Professor Samuel Bray testifies on Supreme Court case selection

Author: Amanda Gray

Samuel Bray Feature

Notre Dame Law Professor Samuel Bray testified before the Presidential Commission on the Supreme Court of the United States earlier this week.

The commission was created in April by an executive order from President Joe Biden, with the goal of analyzing proposed Supreme Court reforms. The commission is bipartisan and composed of experts on the court and the various proposed reforms.

Bray’s testimony was part of the panel “Case Selection and Review at the Supreme Court.” His testimony focused on the Supreme Court’s two dockets: the “regular docket,” full of the cases the justices take for full consideration of the merits; and the “shadow docket” in which the Court issues opinions on cases that it has not fully taken, such as a stay of a lower court’s national injunction. Most of the testimony from the panel focused on the shadow docket, but Bray said changes related to the regular docket — and the declining number of cases the Supreme Court hears each year — are just as important as what the court does via the shadow docket.

“The Supreme Court is hearing fewer cases, and we have a legal culture that expects each case to simply do more,” Bray said in his written testimony. “That explains some of the political tensions that attend the Supreme Court now, where the court’s decisive single pronouncements in the month of June are a subject of hope and fear.”

The shadow docket, on the other hand, is receiving an increased number of high-profile cases, many of which involve a national injunction at a lower federal court. 

“The stakes are high,” Bray also said. “For the last seven years, national injunctions have stopped most major executive initiatives — whether of President Obama, President Trump, or President Biden.
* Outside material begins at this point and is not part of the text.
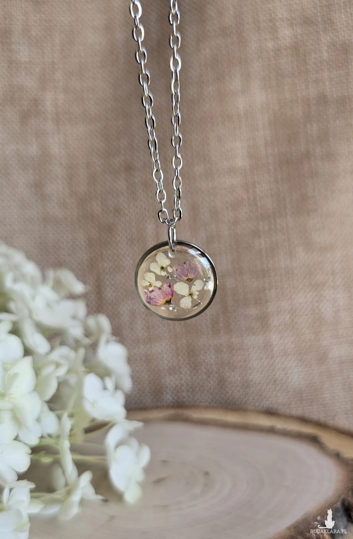 Oferuję Państwu unikalną biżuterię. Zawieszka jest wykonana z suszonych kwiatów i żywicy epoksydowej. Biżuteria jest wspaniałym i oryginalnym prezentem na lata.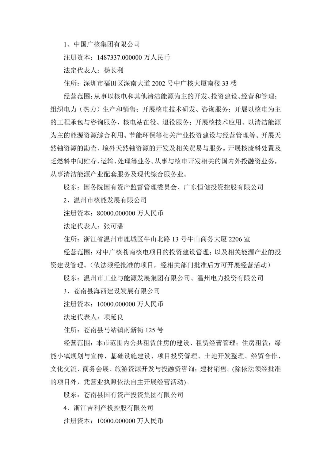 中廣核蒼南第二核電有限公司首次注冊資本金為5000萬元。

The novelty of the national injunction can be seen in the fact that this is true of the last seven years, but wasn’t true of the preceding 225 years.”

The panel “Case Selection and Review at the Supreme Court” also featured testimony from Michael Dreeben, partner at O’Melveny and Myers LLP in Washington, D.C.; Christina Swarns, executive director of the Innocence Project; and Professor Stephen Vladeck from the University of Texas School of Law.

Read Professor Bray’s complete written testimony on the White House website

Originally published by Amanda Gray at law.nd.edu on July 02, 2021.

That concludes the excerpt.